Verdi, che Maestro nel dirigere le sue finanze

Nel 1888, Verdi, che in base ai conteggi del ministero delle Finanze del 1889 risultava il quinto maggior contribuente italiano, iniziò ad appuntarsi su un particolare taccuino ogni sorta di spesa, entrate e uscite

Verdi, che Maestro nel dirigere le sue finanze

Il periodo dal 1887 al 1893 fu, per Giuseppe Verdi, l'arco entro il quale portò in scena le sue due ultime opere: Otello e Falstaff. Si trattò, dunque, di anni nei quali, congedandosi dai palcoscenici, l'anziano maestro non poté più contare sugli introiti derivanti da nuovi titoli. Così, nel 1888, Verdi, che in base ai conteggi del ministero delle Finanze del 1889 risultava il quinto maggior contribuente italiano, iniziò ad appuntarsi su un particolare taccuino ogni sorta di spesa, entrate e uscite: iniziò, dunque, a fare di conto e a controllare i suoi flussi di cassa. Questo particolare taccuino composto da un'ottantina di pagine è oggetto della ricerca coordinata da Giuseppe Martini che l'ha pubblicato in Il taccuino finanziario di Giuseppe Verdi (Egea, pagg. 354, euro 38) dopo che Corrado Mingardi, appassionato verdiano e storico direttore della Biblioteca del Monte di Pietà di Busseto, l'ha individuato e segnalato a Casa Verdi di Roberto Ruozi.

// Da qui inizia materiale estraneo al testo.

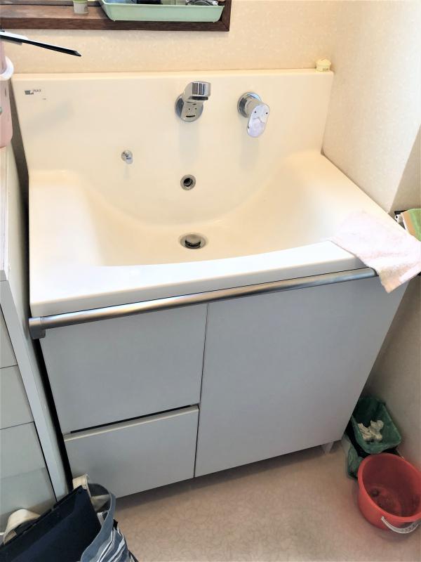 既存と同じタイプの洗面化粧台いへの取替工事です。使い勝手が変わらないので、安心して使っていただけます。
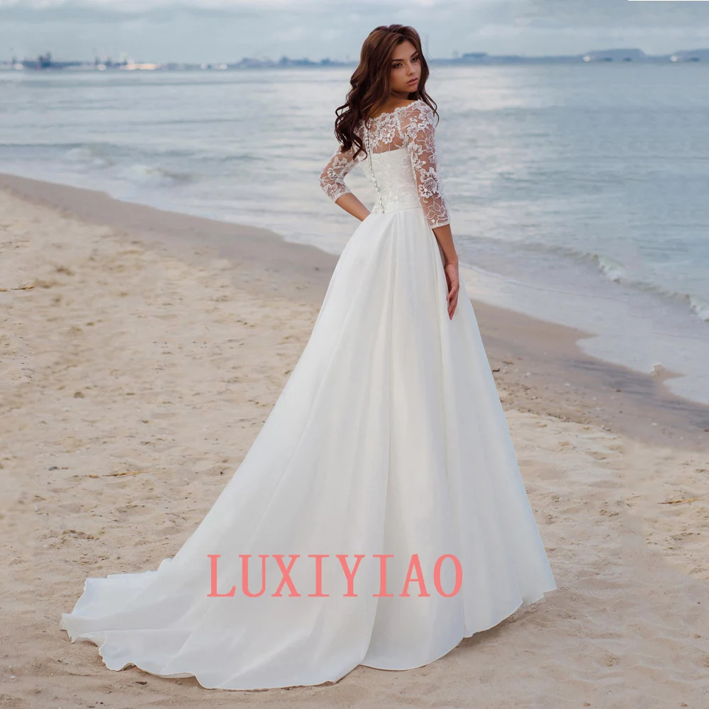 Роскошное Свадебное платье LUXIYIAO LO27, 2022 г., с длинными рукавами и круглым вырезом, кружевное атласное ТРАПЕЦИЕВИДНОЕ свадебное платье со шлейфом для невесты

Verdi, il 1° gennaio 1888 inizia il taccuino con una «dichiarazione di tutto il mio avere oggi»: 1 milione e 452mila lire tra immobili, macchinari e animali e 1 milione e 400mila lire in cartelle, azioni e depositi. Per ogni mese, il compositore provvedeva a segnare i «denari in cassa» e le spese concludendo i conteggi: «Quindi in tutto il mese di ... furono spesi», «Quindi la spesa di tutto ... fu di». Ad ogni 1° gennaio, il conteggio di fondi, immobili, beni e cassa ripartiva. Il libro, dopo la riproduzione anastatica del taccuino con la trascrizione a fronte dal quale, come scrive il curatore, «emerge un profilo di gestione finanziaria privata che in Italia si poteva considerare eccezionale», gode di tre saggi integrativi.

Nel primo, Ruozi analizza il patrimonio di Verdi, incrementato nel tempo anche grazie a prezzi sempre più alti richiesti per le sue opere; nel secondo, Filippo Annunziata si concentra sulle royalties incassate dalla Francia; infine, Maria Pia Ferraris estrapola dal taccuino la quotidianità tra il compositore e i Ricordi, suoi editori. Il taccuino finanziario testimonia, una volta di più, l'inesauribile fonte dell'arte e della biografia verdiana.